Studying ourselves is something most don’t find easy to do, and therefore don’t. However, building wealth and managing your finances is not just about how many zeroes you can add to your bank account, it’s also a personal journey, and with an open mind, not only can it be very profitable, it can also be an incredibly enlightening one.
The way you build wealth will not just be based on how much you have to invest, or how much knowledge you have, it will be impacted by your beliefs about yourself and around investing and money. For this reason you have a huge financial incentive to understand yourself as you build your wealth. Here’s how to have your finger on the financial pulse.
What do you believe about money?
Asking yourself questions is a good way to learn more about you. For example, start by asking yourself what you believe about money. You might be surprised by your answers, however, having this awareness allows you to be conscious of your own decision making, which means you are more likely to make better decisions.
Before you invest
Before you decide where to invest, document why you want to invest. The more emotional your WHY, the more likely you are to take the necessary steps.
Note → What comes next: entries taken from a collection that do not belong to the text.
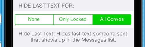 Ensuite, une option vous permet de choisir pour quel type de conversation le tweak doit cacher le dernier message qui s’affiche dans la liste des conversations. Vous avez le choix entre aucune, uniquement celle qui sont verrouillées ou toutes.
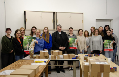 Dass das stimmt, bestätigte auch das schnelle Tempo, in dem die Mitarbeitenden die Pakete zusammenstellten. So benötigten sie nicht einmal einen ganzen Arbeitstag, um alle bestellten Artikel für den Versandweg vorzubereiten. „Das ist ein neuer Rekord!“, freute sich eine Mitarbeiterin, die bereits mehrmals bei der Packaktion mitgeholfen hatte. Zum Dank für die tatkräftige und schnelle Mitarbeit spendiert Bieber allen Helferinnen und Helfern einen süßen Krapfen.
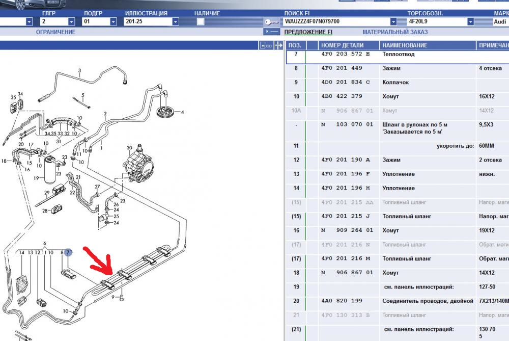 Потекла деталь под номером 4F0203572E (на рис. под номером 7) называется топливный радиатор или охладитель топлива, установлен на днище под защитным пластиком. Охлаждает солярку которая нагревается в процессе работы и сливается в бак, этот радиатор сделан в виде змеевика с ребрами из алюминия. Короче обычная трубка с внешним диаметром 10 мм., которая крепится хомутами к днищу и солярка подается в нее через обычные шланги маслостойкие...
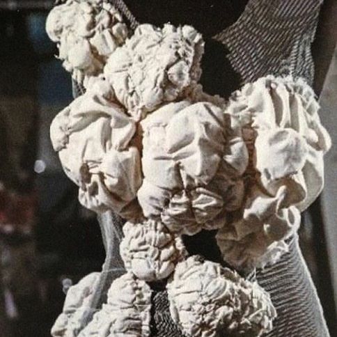 In addition, I examined the idea of using yellow thread and wadding to resemble the form of the gold pebbles when handsewn collectively onto the simple white mesh bodice to help visualise as the piece as 3D and make the garment stand out when walking down the runway or capturing on a picture as well.
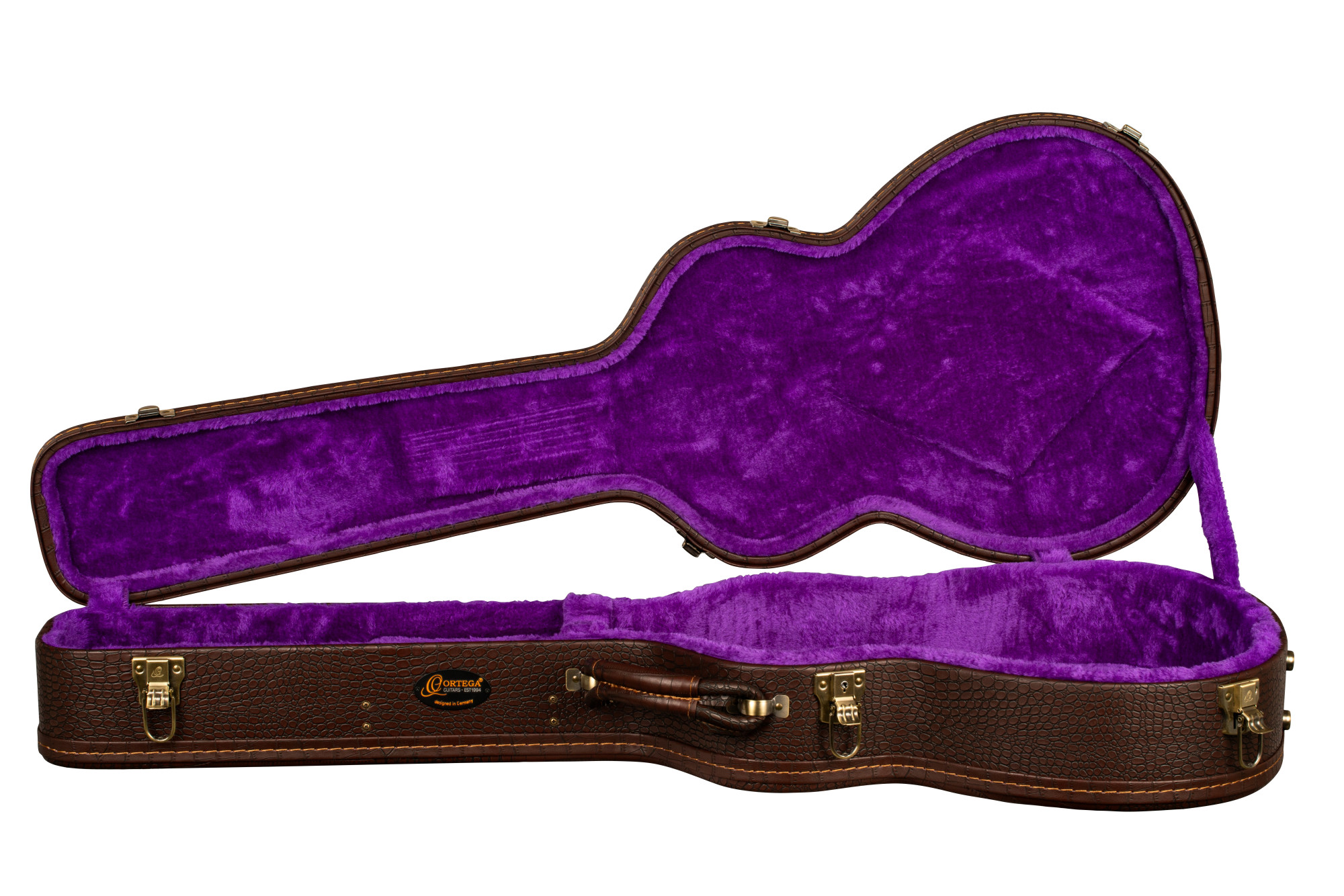Ekstraordinært deluxe instrumentetui i moderne brun krokodillelignende vinylfinish. Den buede toppen, 15 mm polstring dekket med attraktiv fiolett fløyel, innebygd hygrometer, romslig tilbehørsrom, kombinasjonslås, bronsebeslag i vintage-stil og et komfortabelt mykt dobbeltrørshåndtak gjør disse koffertene både elegante og praktiske.
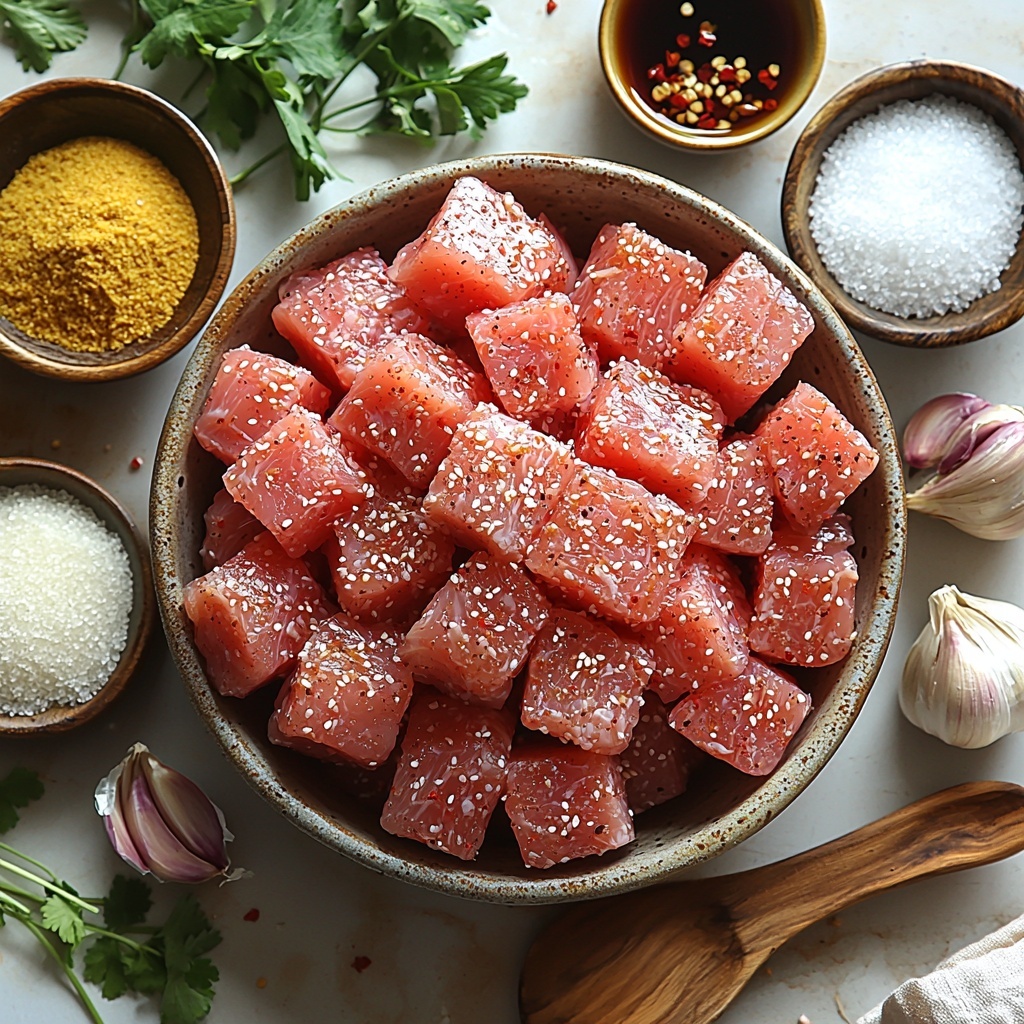In a bowl, combine low sodium soy sauce, rice vinegar, granulated sugar, minced ginger, minced garlic, and a sprinkle of red pepper flakes. Whisk everything together until the sugar dissolves fully so that the flavor melds beautifully. This blend will become the irresistible sauce that defines the dish.
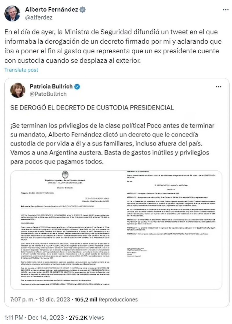 “En el día de ayer, la Ministra de Seguridad (Patricia Bullrich) difundió un tweet en el que informaba la derogación de un decreto firmado por mí y aclarando que iba a poner el fin al gasto que representa que un ex presidente cuente con custodia cuando se desplaza al exterior”, indicó en el inicio de su mensaje en “X”, ex Twitter.
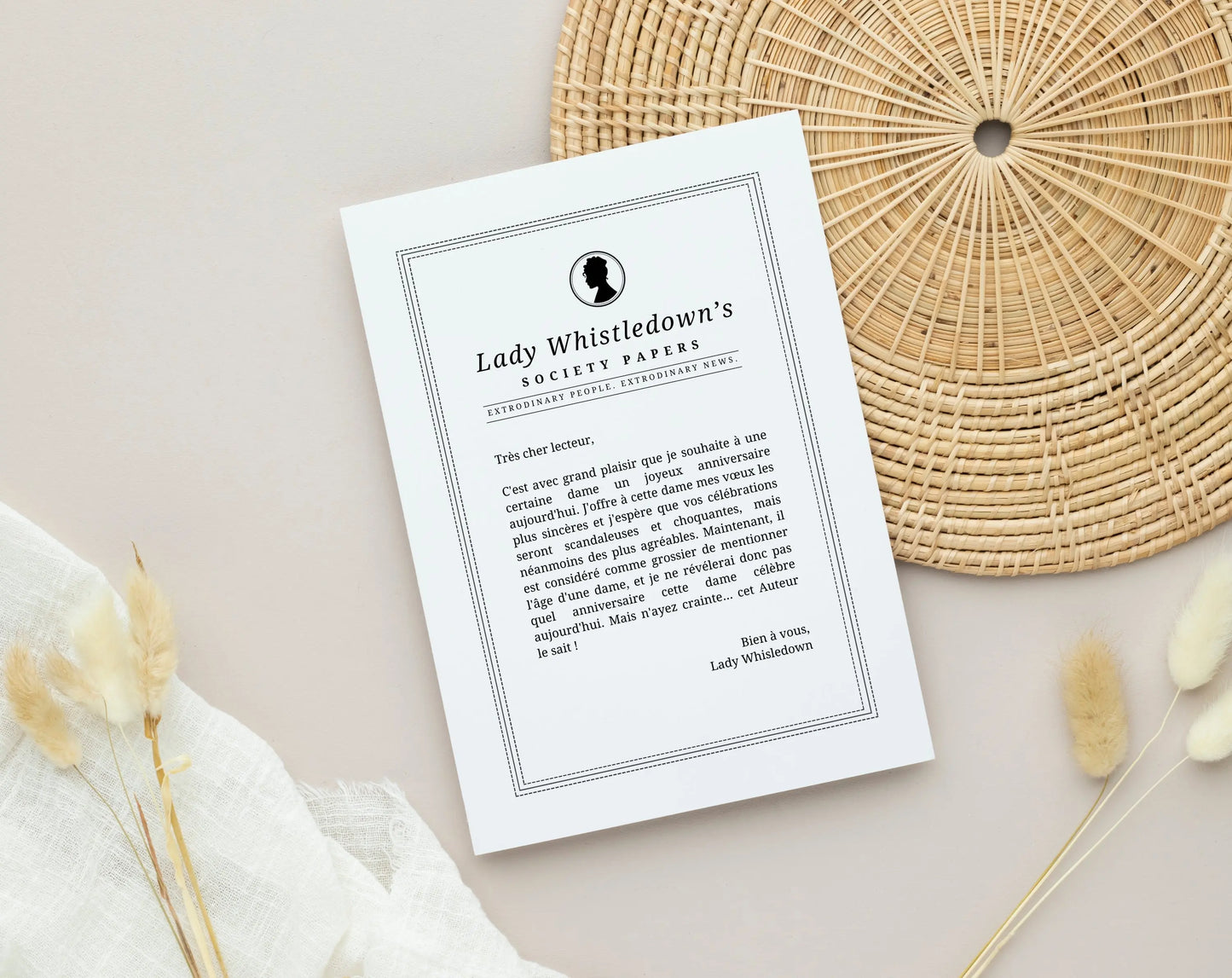 Opter pour notre carte anniversaire femme inspirée de Lady Whistledown, c'est choisir l'originalité et l'élégance. Chaque carte est conçue avec soin pour refléter l'univers de Bridgerton, offrant une expérience unique à la personne qui la reçoit. Cette carte anniversaire est parfaite pour ceux qui cherchent à sortir des sentiers battus et à offrir quelque chose de véritablement spécial. En plus de son esthétique soignée, elle offre la praticité d'une carte numérique, pouvant être téléchargée et imprimée en quelques clics.

Then set the financial goals to achieve your WHY.
Remember to set clear goals for yourself, stating what you want to achieve and by when. Set sub goals to assist you to take the steps needed to achieve these.
A simple formula
My research has shown that for many of us, our finances and wealth creation rank in the top five of the most important pressing issues to address, however, this is such a big area, so where do you start? Not everyone is born with a silver spoon, or a financial pulse, most of us have to chart our own course. To help you on your journey I have a small equation for you to remember whenever you think about your wealth, which is:
Get the Knowledge + Develop your Skills + Get Experience + Put in the Effort = Your Success
You can apply this equation to any area of your finances, whether you are opening a new bank account, applying for a credit card or a loan for a property, or wanting to start your very own share portfolio.
Finding the best products and services
Always do your research and educate yourself before you invest, or prior to signing up to any product or service, so as to minimise your risk. To find information you could:
- Research government websites like Money Smart, which is a great place to start for general information on your finances and superannuation.
- Look for reputable providers of financial products or services. Perhaps companies you have done business with before, or those referred by others. There are companies on the internet that will assist you to find the best deals for insurance, credit cards, and other financial products. CHOICE magazine can also assist with certain purchases.
- Check the ASIC website for warnings about companies and products.
- Ask family and friends who have knowledge in the particular area you are interested in, however, always make your own decision, based on your own research.
- Read books and research the internet to build your knowledge. One good reference to get you started in the share market is a book called “How to Beat the Managed Funds by 20%” by Dale Gillham. You can also search for information on the Australian Securities Exchange website.
- Do a course to get the knowledge and build your skills. This is important if you are thinking about building your own share portfolio or you want to generate a second income from the share market. Wealth Within provide accredited education to help you to more confidently invest.
Vehicles for Building Wealth
There are so many ways to build wealth, and some of the areas include Cash and Fixed Interest, Shares and other listed investments, Private investments, Property, Superannuation, and your own business. To keep it simple, most choose Cash, Shares and Property.
Remember, the greater the potential return, the higher the risk, and therefore the more knowledge you require.
Cash investments can include Term Deposits or Bonds. Be prepared to shop around for the best rate on your term deposit but also consider the credit or risk rating of the institution. You are not going to deposit your funds with a financial institution just because they are paying a high return as you could be risking your capital. Bonds can provide better returns than cash in the bank, however, there are conditions with bonds that you need to fully understand before you invest.
When it comes to property, being smart about how you set up your loans can save you thousands over the term of the loan, so negotiate hard when you set up the loan, or get a quote from another bank and ask your current lender to match it. Don’t ever accept that a bank won’t negotiate on their lending rates. Also, consider using an offset account to minimise the interest you pay.
Finally, when making a decision about any aspect of your finances determine answers to the following three questions:
- What is my current level of knowledge, skills and experience and what do I need to do to fill the gaps?
- How much capital do I have to invest? The amount you require to start your own share portfolio will be different to what you may need to buy property. There may also be minimums for cash and bonds.
- How is my capital spread across different investments? You may find that your investments are heavily weighted to one area and therefore it may be time to better spread your risk across different investment vehicles.
- What is my investment time horizon, or when do you believe you may need to draw on the investment? Where you invest may be determined by how much time you have. For example, property generally has a long term investment horizon, so you wouldn’t be buying property if you knew you would need the money in a few years. Shares can be purchased for short, medium or long term, and cash or fixed interest investments can work the same way. With shares, the shorter the time horizon, the more knowledge you will require to invest.
Above all, have a plan for your finances and review your plan every year. Do this and the likelihood that you will achieve your WHY is very high.